# Gustave got bit :(



## eiksaa (Jun 8, 2012)

When things have to go wrong, they just do. I was SO diligent about picking a daycare for him. And this place had great reviews online, I had people I know recommend it to me, I checked it out so many times and still something goes wrong. 

We dropped off Gustave at the daycare today and got a call from them within an hour. A dog was drinking water out of a bowl and when Gustave tried to drink out of the same bowl that other dog bit him above his eye. They called me from the vet's office and I got there ASAP. 

It looked worse than it actually was. I guess all that white hair makes the blood look more dramatic. He didn't get any stitches. They put some surgical glue on it and gave us antibiotics. They said he should heal in a week. I am more concerned about him fearing dogs now. 

The daycare people looked like they didn't know what hit them. They said that other dog had never shown any aggression and it happened really quick. They said he was never coming back. Well, I told them Gustave wasn't either. They returned us all the money we have paid them till now and also paid the vet bills. 

As for poor Gustave, he is acting normal. I did find out he eats pills like a champ. I don't know if I can bear to send him to any daycare now but I do think he needs positive dog social experiences STAT! I am thinking of calling all my dog owner friends and arranging play dates. At the vet there were other dogs and Gustave acted completely normal. Is it possible this experience possibly didn't mess him up forever? 

My husband says he's like me. Always calm and indifferent,like he doesn't care.  I told him it's not a compliment. 
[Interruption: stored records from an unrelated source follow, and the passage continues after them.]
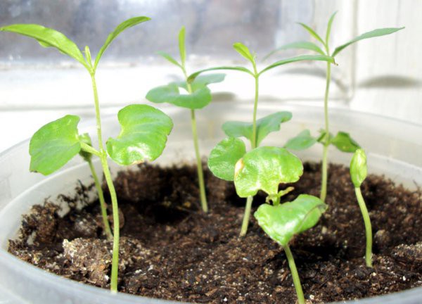 После формирования первых листочков сеянцы необходимо рассадить по отдельным горшочкам, при этом укоротив на треть корень. Грунт в горшочках должен быть уложен на дренажную подушку.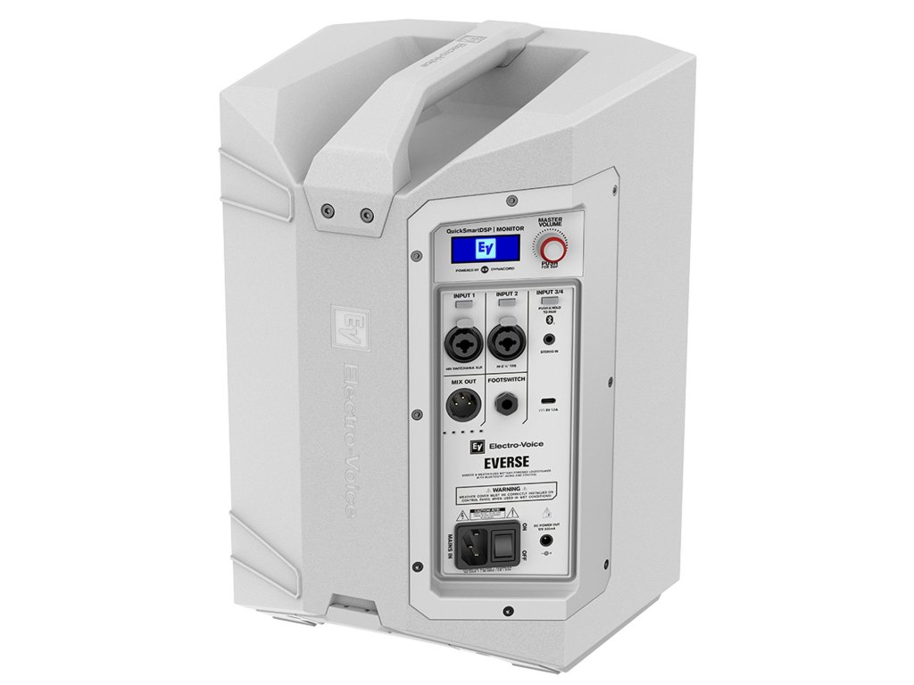 Electro-Voice EVERSE 8 to zasilany bateryjnie głośnik, który łączy przenośne i profesjonalne kolumny głośnikowe w rosnącym segmencie systemów PA zasilanych bateryjnie, a jednocześnie jest lżejszy niż jakikolwiek inny reprobox o porównywalnej wielkości. EVERSE 8 z obudową IP43 jest przygotowany do wytrzymania kaprysów pogody. Oferuje bezprzewodowe sterowanie i odtwarzanie audio przez Bluetooth, opóźnienie do 100 m, wbudowany mikser z efektami, poziom ciśnienia akustycznego (maxSPL) 121 dB, pokrycie pod kątem 100º x 100º, wzmacniacz klasy D i zasilanie fantomowe 48V. EVERSE 8 jest zasilany bateriami Li-ion.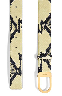 A sculptural buckle brings gleaming, jewelry-like refinement to this statement-making belt made from snakeskin-embossed calfskin leather. 1" belt width Leather Made in Italy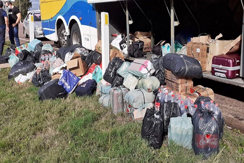 En la bodega del ómnibus fueron ubicados 274 kilos de azúcar, 54 kilos de arroz, 35 kilos de yerba, 35 kilos de sal, 24 kilos de cocoa, 24 potes de manteca, 20 paquetes de harina de trigo, 13 kilos de porotos, 12 kilos de mayonesa, 10 kilos de lentejas, 8 kilos de fideos, cinco salsas de extracto de tomate, 40 paquetes de chizitos, 40 paquetes de papas chips, 50 paquete de maní para pop y seis latas de café.

They had to shave Gustave to see how deep the wound was. Not a lot but you can see a bit of his eyelid. My first reaction was, "Wow, that's black!" I am not too concerned about it, hair grows back. I am very proud of my little baby for going through all this and still being 'normal'. Sometimes **** happens and what we do with it is upto us. I am glad he's OK and nothing worse happened. 
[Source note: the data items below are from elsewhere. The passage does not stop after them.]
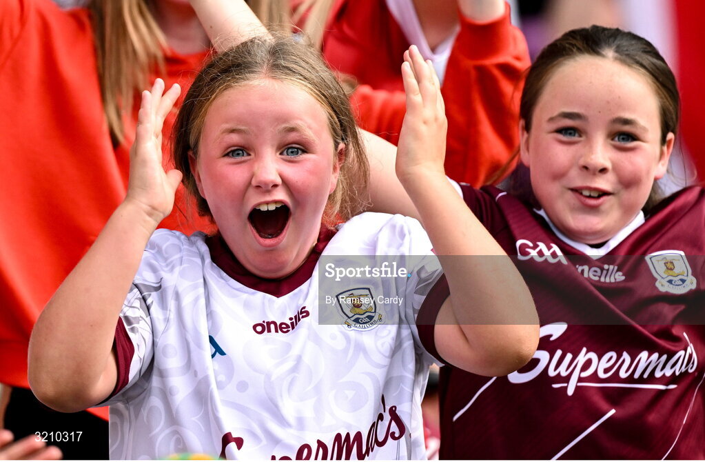 10 August 2025; Galway supporters during the Glen Dimplex All-Ireland Senior Camogie Championship final match between Cork and Galway at Croke Park in Dublin. Photo by Ramsey Cardy/Sportsfile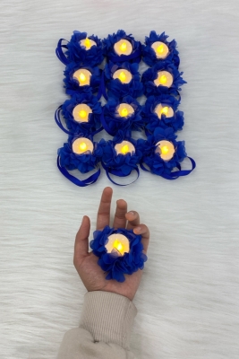 Saks Mavi Ledli Kına El Mumu, Düğün, Nedime, Bride, Sünnet, Led Işıklı, Tealight Mum Pilli 12 Adet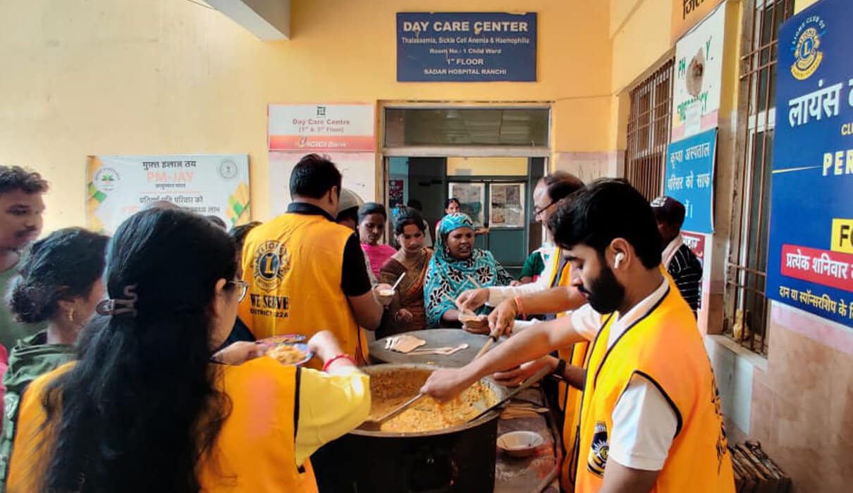 Recognizing that hunger is not confined to the homeless and destitute, but also affects ordinary families waiting anxiously outside hospitals, the Ranchi Global Lions Club of District 322A launched a simple yet deeply meaningful response.

Sent from my iPhone using Petguide.com Free App


----------



## Lmojeda (Sep 22, 2012)

I'm sorry he had such a traumatic experience! But glad he is ok! He is a trooper. 


Sent from my iPhone using Petguide.com Free App


----------



## eiksaa (Jun 8, 2012)

Here he is. See all that dark eyelid area? That's where they shaved him. He still has some bloody hair stuck in his topknot but I'm gonna let that be for tonight because I don't want to disturb that area too much. 


Sent from my iPhone using Petguide.com Free App


----------



## maltese#1fan (Feb 20, 2012)

Your poor baby. I wouldn't go back to that daycare either. I'm happy that he is going to be okay.


----------



## eiksaa (Jun 8, 2012)

Lmojeda said:


> I'm sorry he had such a traumatic experience! But glad he is ok! He is a trooper.
> 
> 
> Sent from my iPhone using Petguide.com Free App


Thank you, I appreciate it. 


Sent from my iPhone using Petguide.com Free App


----------



## Zoe's Mom88 (Apr 25, 2011)

So sorry to hear that happened. Like you said it could have been worse. I am sure Gustave being the champ he is will have this all behind him but I would socialize him like you mentioned with your friends fluffs. Happy all is well in the end.


----------



## hoaloha (Jan 27, 2012)

What?!?! Oh my geez  poor Gustave- I know you must be so disappointed . That daycare sounded wonderful on paper and I'm very glad they covered his vet bills. Sometimes, dogs can have food (and water) and toy aggression that doesn't really show in a normal evaluation. That other dog may not have been socialized well regarding those things. The important part is that Gustave is acting normally and that the injury wasn't too serious! It's so scary! He has such GREAT pigment, btw :wub: I think it's important for dogs to be socialized to not be possessive over their food and toys. Gustave is such a trooper and I think with some positive experiences, he will overcome what happened today!


----------



## Grace'sMom (Feb 22, 2012)

Oh sweet Gustave..... I hope you heal fast buddy!

I think you are going to be more traumatized than Gustave will....

I know it's your choice.... but you are right - you don't want him to become fearful.

When you have dogs in groups there are always risks of incidents. It happens.... Just like in daycare with kiddos - I worked in the 1's room for a few years -- kids were always biting each other. We did everything we could to prevent it... but it happened quite often.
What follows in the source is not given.